FAA reported more than 89,000 wildlife strikes from 1990 to 2008, and more than 97 percent of these were birds.

OIG Opens Audit of FAA Wildlife Control Program

The audit will begin the week of March 21, according to the letter sent by Jeffrey B. Guzzetti, assistant inspector general for Aviation and Special Program Audits.

The U.S. Department of Transportation's Office of Inspector General is opening an audit of FAA's Wildlife Hazard Mitigation Program to see how effective it is and how well it is being coordinated with other agencies' programs. A March 15 letter sent by Jeffrey B. Guzzetti, assistant inspector general for Aviation and Special Program Audits, said the audit will begin the week of March 21.

Since 1997, FAA has given airports nationwide about $387 million to help them assess and mitigate wildlife hazards. While the principal hazard is birds -- from 1990 to 2008, FAA reported more than 89,000 wildlife strikes, and more than 97 percent of these were birds, according to his letter -- deer, coyotes, alligators, and other animals can venture onto runways and pose a risk for aircraft, he notes.
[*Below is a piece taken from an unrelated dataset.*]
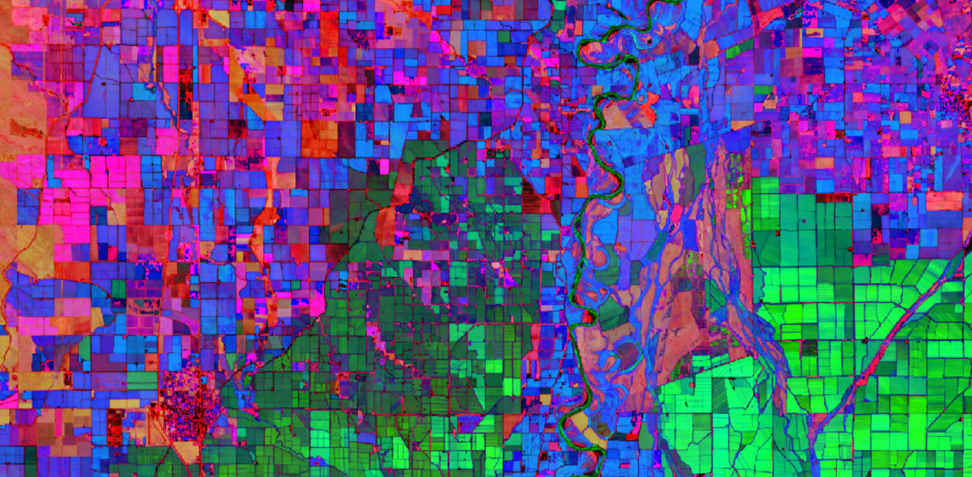 These were combined into a phenological RGB composite, offering a vivid depiction of how crops differ not just by color, but by how their NDVI changes over time.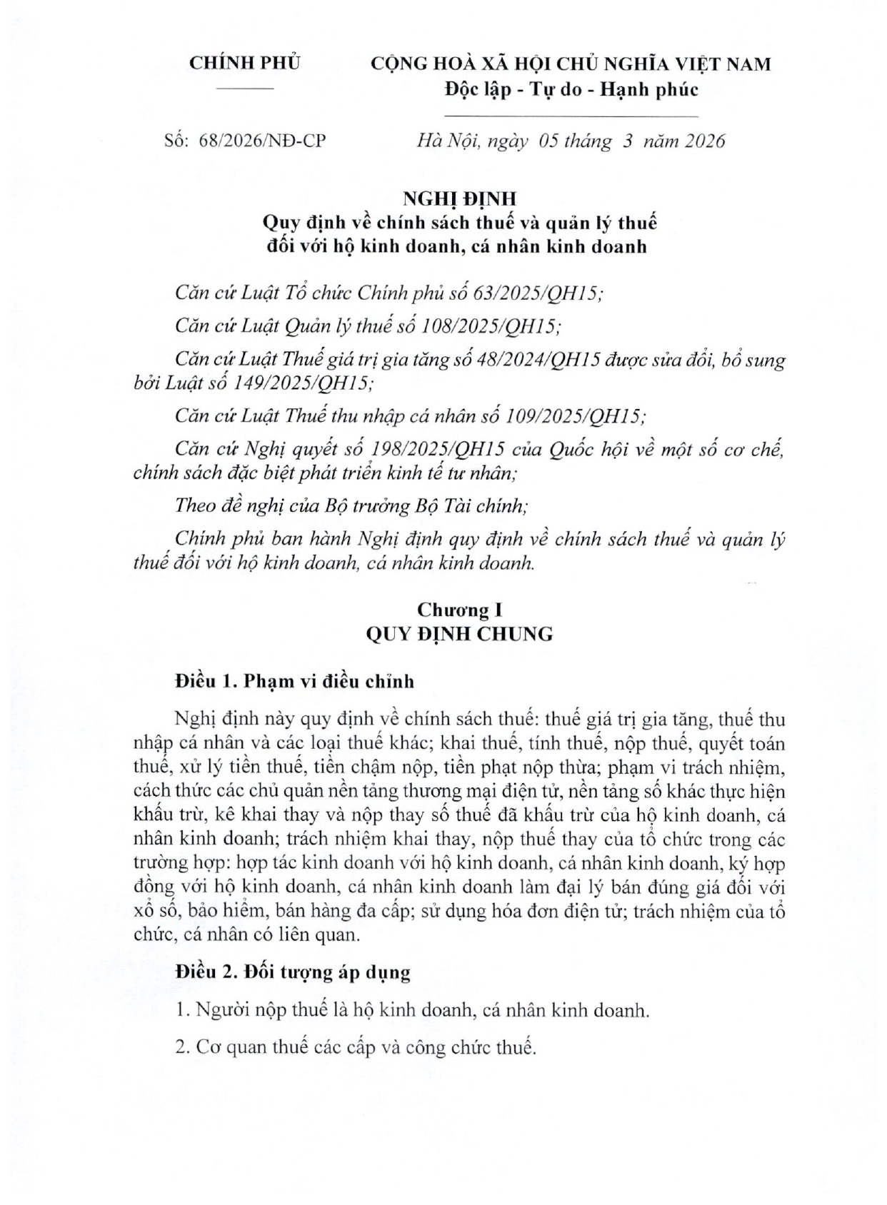 Quy định về chính sách thuế và quản lý thuế đối với hộ kinh doanh, cá nhân kinh doanh

The January 2009 "miracle on the Hudson" ditching of a US Airways jetliner after a bird strike brought more public attention to this growing problem, the letter states. It cites two other recent examples: A Feb. 28, 2011, emergency landing of a Continental Airlines flight from Ronald Reagan Washington National Airport after a bird strike caused engine failure and a Nov. 8, 2010, emergency of a Horizon Airlines aircraft landing at Los Angeles International Airport when a bird strike damaged the plane's right wing.